- _Recorded information_
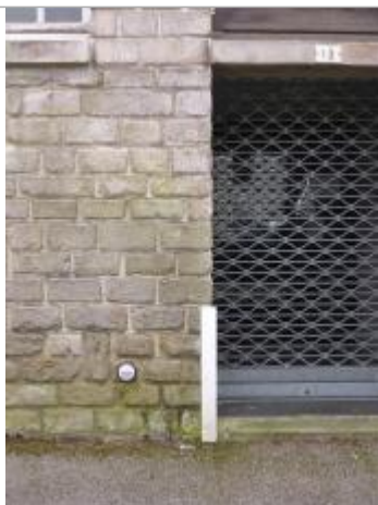
13, rue de la Palestine - 13 décembre 2000
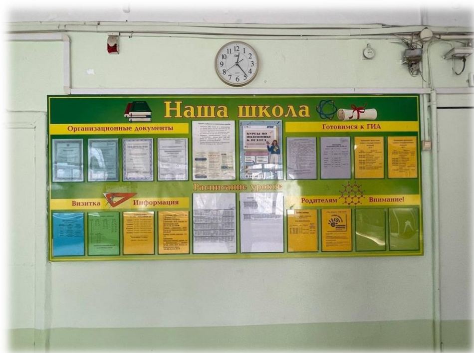
Рисунок.3 – Информационный стенд
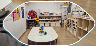
제2자료실 (어린이작업실 모야)

2. 책으로 하나 되는 마을 책과 책문화 사업을 통해 이상과 삶의 질을 높이고, 함께 살며 함께 아이를 키우는 그런 하나 된 마을이 되길 힘쓰고 있습니다.

- _Aim of the exercise_
Retype the listing above exactly as it appears, omitting the pictures.

- _Answer below_
13, rue de la Palestine - 13 décembre 2000
Рисунок.3 – Информационный стенд
제2자료실 (어린이작업실 모야)

2. 책으로 하나 되는 마을 책과 책문화 사업을 통해 이상과 삶의 질을 높이고, 함께 살며 함께 아이를 키우는 그런 하나 된 마을이 되길 힘쓰고 있습니다.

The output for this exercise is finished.